§ Work to complete:
All entries need to be written out again exactly, without their pictures.

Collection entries

▼

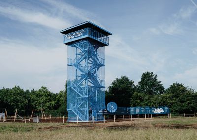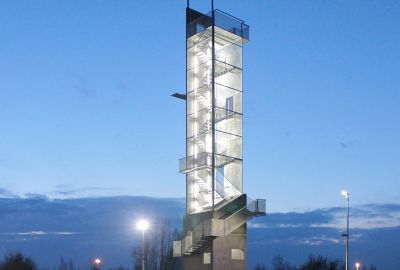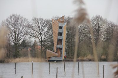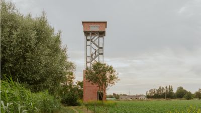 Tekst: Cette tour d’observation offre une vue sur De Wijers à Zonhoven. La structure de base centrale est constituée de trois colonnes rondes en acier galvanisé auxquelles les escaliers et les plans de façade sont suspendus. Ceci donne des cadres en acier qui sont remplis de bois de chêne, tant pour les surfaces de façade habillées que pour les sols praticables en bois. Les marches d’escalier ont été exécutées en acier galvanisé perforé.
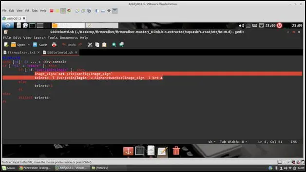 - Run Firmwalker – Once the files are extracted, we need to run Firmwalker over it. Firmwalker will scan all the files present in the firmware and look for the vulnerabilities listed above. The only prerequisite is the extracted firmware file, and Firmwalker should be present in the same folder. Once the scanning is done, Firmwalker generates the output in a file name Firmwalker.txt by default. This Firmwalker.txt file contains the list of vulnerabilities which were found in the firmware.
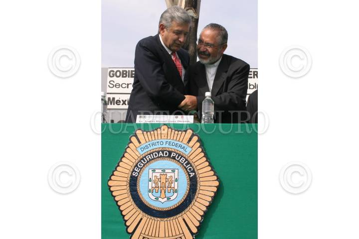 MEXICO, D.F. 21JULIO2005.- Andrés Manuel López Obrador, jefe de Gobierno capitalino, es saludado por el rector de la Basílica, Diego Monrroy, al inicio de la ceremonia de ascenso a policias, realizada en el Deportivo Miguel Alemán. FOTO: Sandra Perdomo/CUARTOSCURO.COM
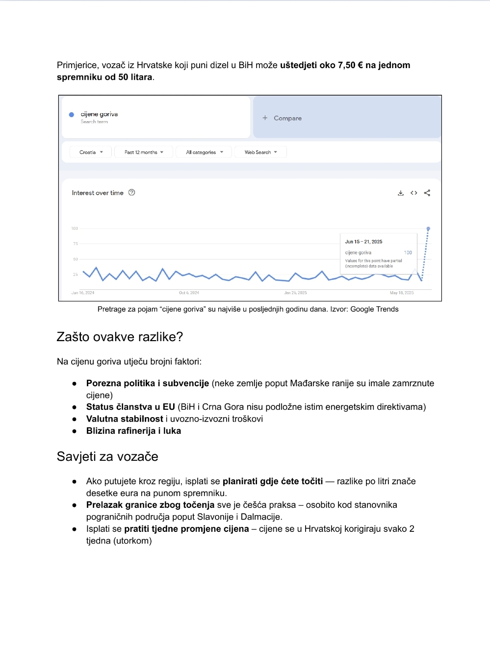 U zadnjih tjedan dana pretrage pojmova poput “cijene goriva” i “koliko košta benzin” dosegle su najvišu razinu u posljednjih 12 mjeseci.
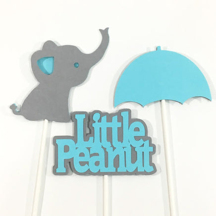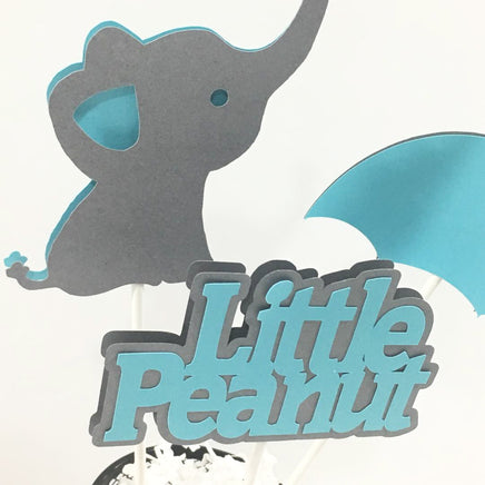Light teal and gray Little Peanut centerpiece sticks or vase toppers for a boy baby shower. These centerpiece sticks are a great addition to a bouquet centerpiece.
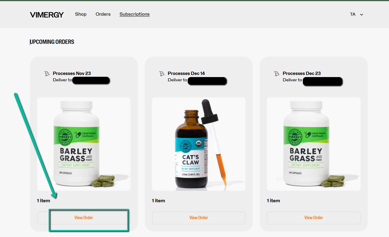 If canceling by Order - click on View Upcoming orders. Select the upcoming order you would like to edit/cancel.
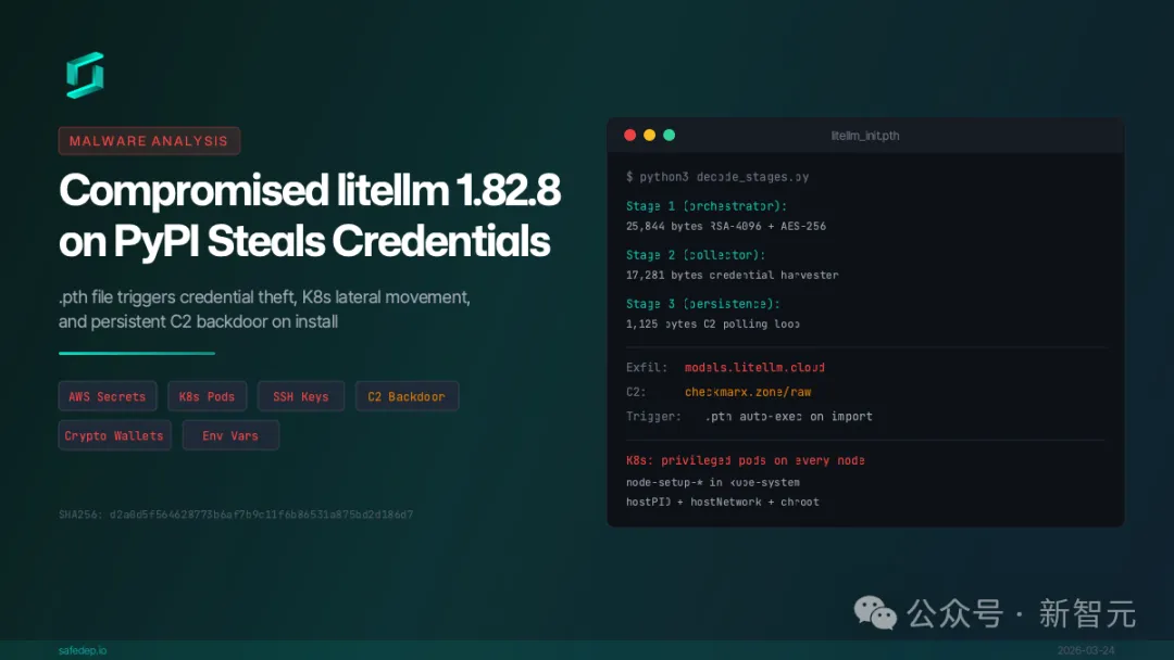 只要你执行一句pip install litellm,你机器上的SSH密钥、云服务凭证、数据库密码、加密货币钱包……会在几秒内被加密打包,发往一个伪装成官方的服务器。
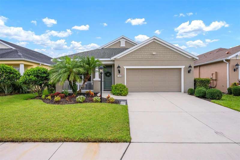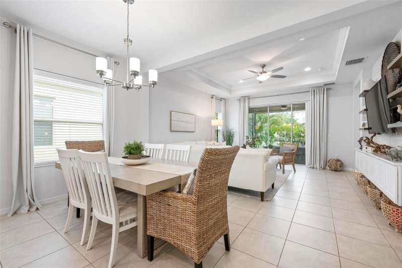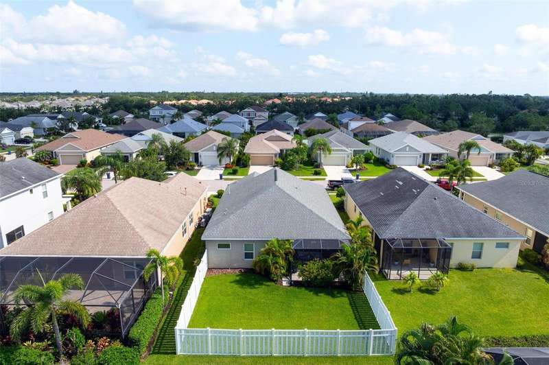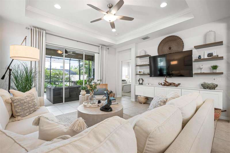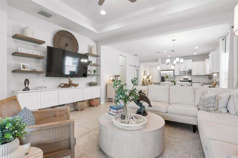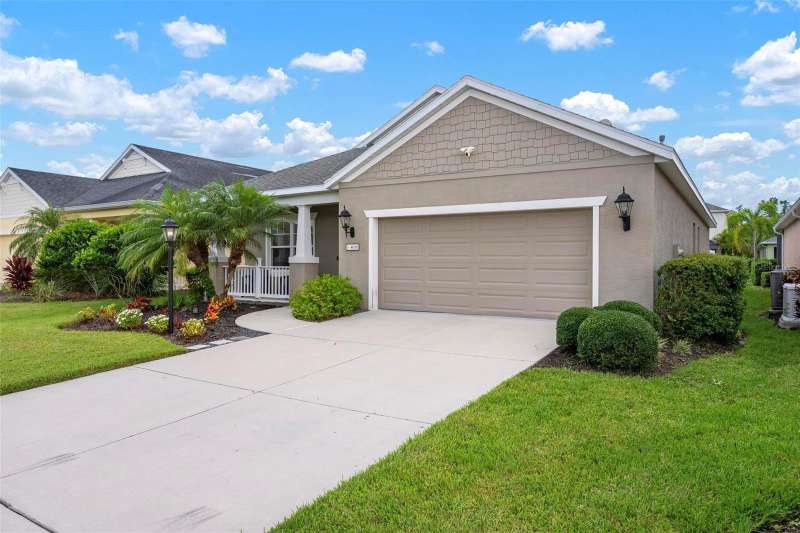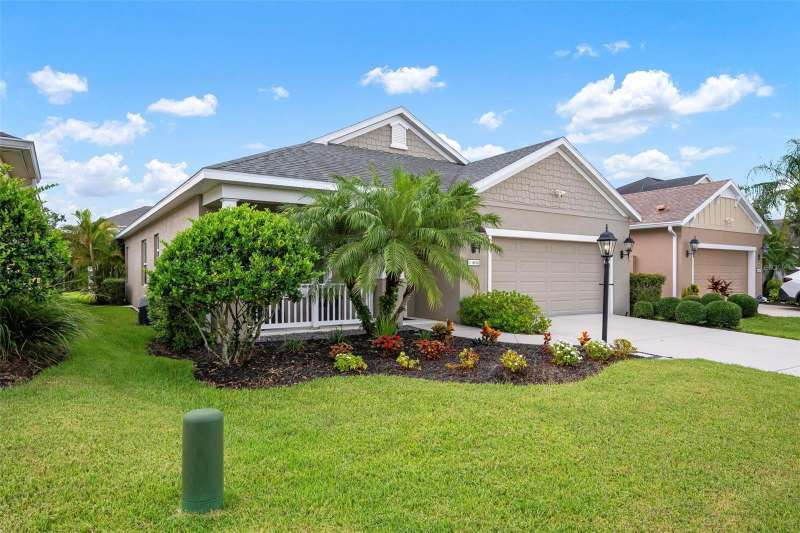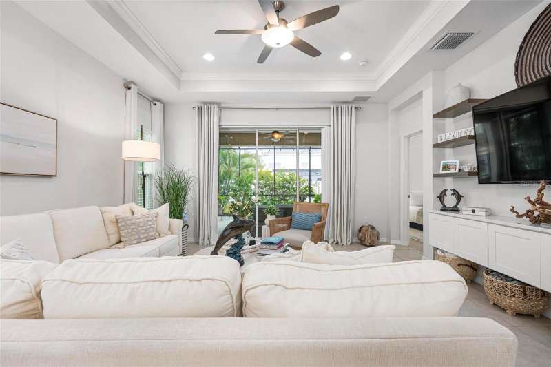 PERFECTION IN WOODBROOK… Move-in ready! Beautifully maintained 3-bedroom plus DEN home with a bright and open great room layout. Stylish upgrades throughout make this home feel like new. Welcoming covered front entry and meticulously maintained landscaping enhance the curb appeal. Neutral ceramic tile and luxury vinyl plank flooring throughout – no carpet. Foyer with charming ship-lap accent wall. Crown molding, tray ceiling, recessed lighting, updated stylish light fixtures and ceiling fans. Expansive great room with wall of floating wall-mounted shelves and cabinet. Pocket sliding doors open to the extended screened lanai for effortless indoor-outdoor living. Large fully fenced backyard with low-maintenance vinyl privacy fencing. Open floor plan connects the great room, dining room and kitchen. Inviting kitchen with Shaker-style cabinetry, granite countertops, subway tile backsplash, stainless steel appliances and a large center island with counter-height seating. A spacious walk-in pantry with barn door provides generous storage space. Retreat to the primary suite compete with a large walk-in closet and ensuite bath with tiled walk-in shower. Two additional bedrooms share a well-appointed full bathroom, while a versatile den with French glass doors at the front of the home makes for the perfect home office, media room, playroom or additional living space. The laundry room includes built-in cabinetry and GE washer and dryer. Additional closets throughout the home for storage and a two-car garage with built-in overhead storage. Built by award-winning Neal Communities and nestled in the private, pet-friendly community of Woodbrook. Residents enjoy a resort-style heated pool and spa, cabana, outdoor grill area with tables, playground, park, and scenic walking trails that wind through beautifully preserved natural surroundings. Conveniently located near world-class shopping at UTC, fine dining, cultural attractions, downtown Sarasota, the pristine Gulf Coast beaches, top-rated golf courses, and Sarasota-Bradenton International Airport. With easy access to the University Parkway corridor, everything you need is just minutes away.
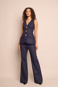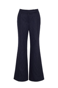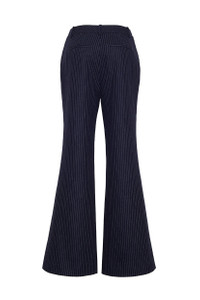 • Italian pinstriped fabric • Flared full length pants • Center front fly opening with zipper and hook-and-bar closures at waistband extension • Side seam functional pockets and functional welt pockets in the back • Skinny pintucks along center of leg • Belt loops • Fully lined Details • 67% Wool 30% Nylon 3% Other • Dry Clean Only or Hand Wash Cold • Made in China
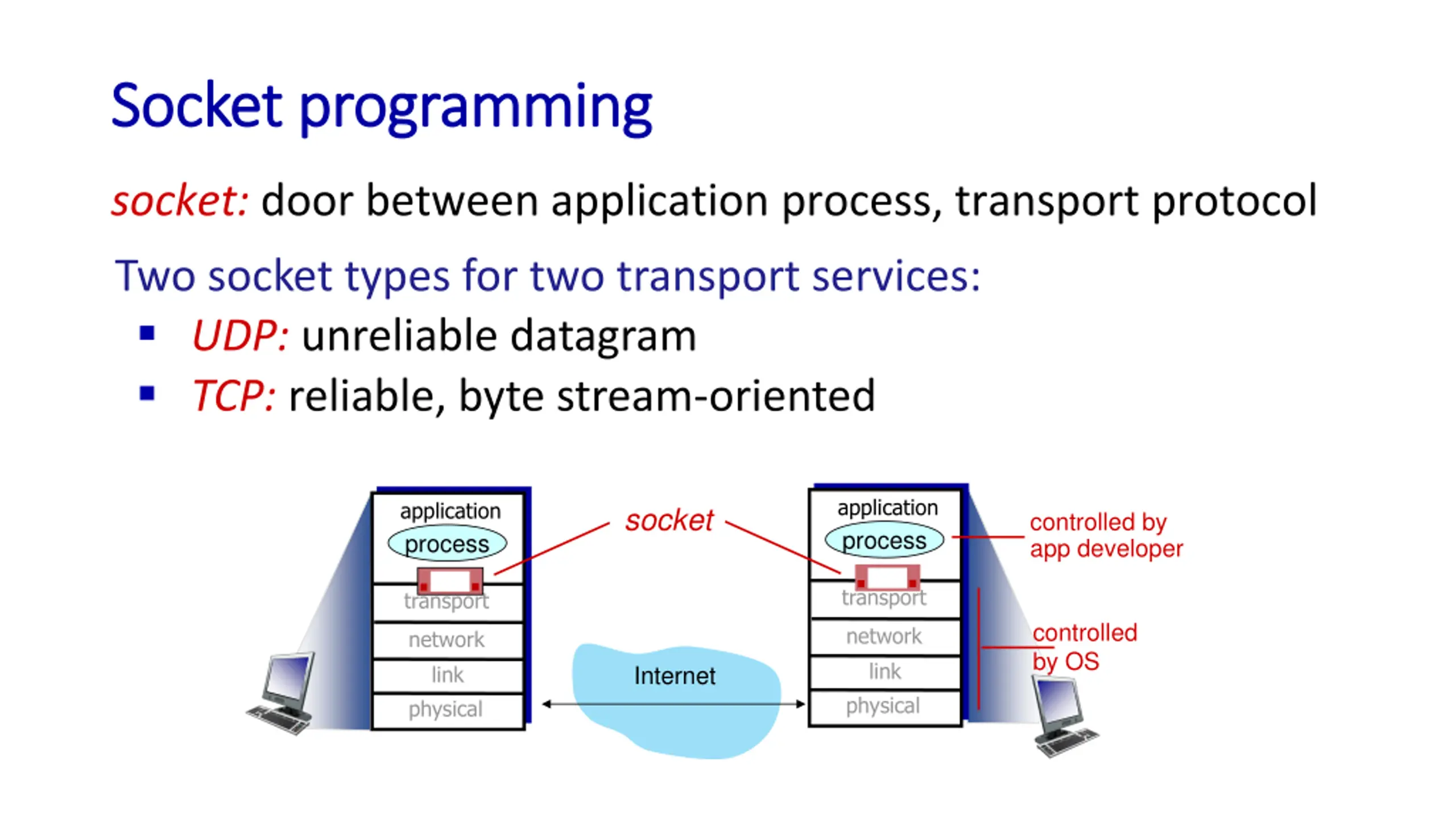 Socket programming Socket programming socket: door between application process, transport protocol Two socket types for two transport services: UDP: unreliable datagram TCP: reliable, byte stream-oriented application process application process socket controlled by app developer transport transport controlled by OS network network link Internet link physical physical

▲

§ Solution to this task:
 Tekst: Cette tour d’observation offre une vue sur De Wijers à Zonhoven. La structure de base centrale est constituée de trois colonnes rondes en acier galvanisé auxquelles les escaliers et les plans de façade sont suspendus. Ceci donne des cadres en acier qui sont remplis de bois de chêne, tant pour les surfaces de façade habillées que pour les sols praticables en bois. Les marches d’escalier ont été exécutées en acier galvanisé perforé.
 - Run Firmwalker – Once the files are extracted, we need to run Firmwalker over it. Firmwalker will scan all the files present in the firmware and look for the vulnerabilities listed above. The only prerequisite is the extracted firmware file, and Firmwalker should be present in the same folder. Once the scanning is done, Firmwalker generates the output in a file name Firmwalker.txt by default. This Firmwalker.txt file contains the list of vulnerabilities which were found in the firmware.
 MEXICO, D.F. 21JULIO2005.- Andrés Manuel López Obrador, jefe de Gobierno capitalino, es saludado por el rector de la Basílica, Diego Monrroy, al inicio de la ceremonia de ascenso a policias, realizada en el Deportivo Miguel Alemán. FOTO: Sandra Perdomo/CUARTOSCURO.COM
 U zadnjih tjedan dana pretrage pojmova poput “cijene goriva” i “koliko košta benzin” dosegle su najvišu razinu u posljednjih 12 mjeseci.
Light teal and gray Little Peanut centerpiece sticks or vase toppers for a boy baby shower. These centerpiece sticks are a great addition to a bouquet centerpiece.
 If canceling by Order - click on View Upcoming orders. Select the upcoming order you would like to edit/cancel.
 只要你执行一句pip install litellm,你机器上的SSH密钥、云服务凭证、数据库密码、加密货币钱包……会在几秒内被加密打包,发往一个伪装成官方的服务器。
 PERFECTION IN WOODBROOK… Move-in ready! Beautifully maintained 3-bedroom plus DEN home with a bright and open great room layout. Stylish upgrades throughout make this home feel like new. Welcoming covered front entry and meticulously maintained landscaping enhance the curb appeal. Neutral ceramic tile and luxury vinyl plank flooring throughout – no carpet. Foyer with charming ship-lap accent wall. Crown molding, tray ceiling, recessed lighting, updated stylish light fixtures and ceiling fans. Expansive great room with wall of floating wall-mounted shelves and cabinet. Pocket sliding doors open to the extended screened lanai for effortless indoor-outdoor living. Large fully fenced backyard with low-maintenance vinyl privacy fencing. Open floor plan connects the great room, dining room and kitchen. Inviting kitchen with Shaker-style cabinetry, granite countertops, subway tile backsplash, stainless steel appliances and a large center island with counter-height seating. A spacious walk-in pantry with barn door provides generous storage space. Retreat to the primary suite compete with a large walk-in closet and ensuite bath with tiled walk-in shower. Two additional bedrooms share a well-appointed full bathroom, while a versatile den with French glass doors at the front of the home makes for the perfect home office, media room, playroom or additional living space. The laundry room includes built-in cabinetry and GE washer and dryer. Additional closets throughout the home for storage and a two-car garage with built-in overhead storage. Built by award-winning Neal Communities and nestled in the private, pet-friendly community of Woodbrook. Residents enjoy a resort-style heated pool and spa, cabana, outdoor grill area with tables, playground, park, and scenic walking trails that wind through beautifully preserved natural surroundings. Conveniently located near world-class shopping at UTC, fine dining, cultural attractions, downtown Sarasota, the pristine Gulf Coast beaches, top-rated golf courses, and Sarasota-Bradenton International Airport. With easy access to the University Parkway corridor, everything you need is just minutes away.
 • Italian pinstriped fabric • Flared full length pants • Center front fly opening with zipper and hook-and-bar closures at waistband extension • Side seam functional pockets and functional welt pockets in the back • Skinny pintucks along center of leg • Belt loops • Fully lined Details • 67% Wool 30% Nylon 3% Other • Dry Clean Only or Hand Wash Cold • Made in China
 Socket programming Socket programming socket: door between application process, transport protocol Two socket types for two transport services: UDP: unreliable datagram TCP: reliable, byte stream-oriented application process application process socket controlled by app developer transport transport controlled by OS network network link Internet link physical physical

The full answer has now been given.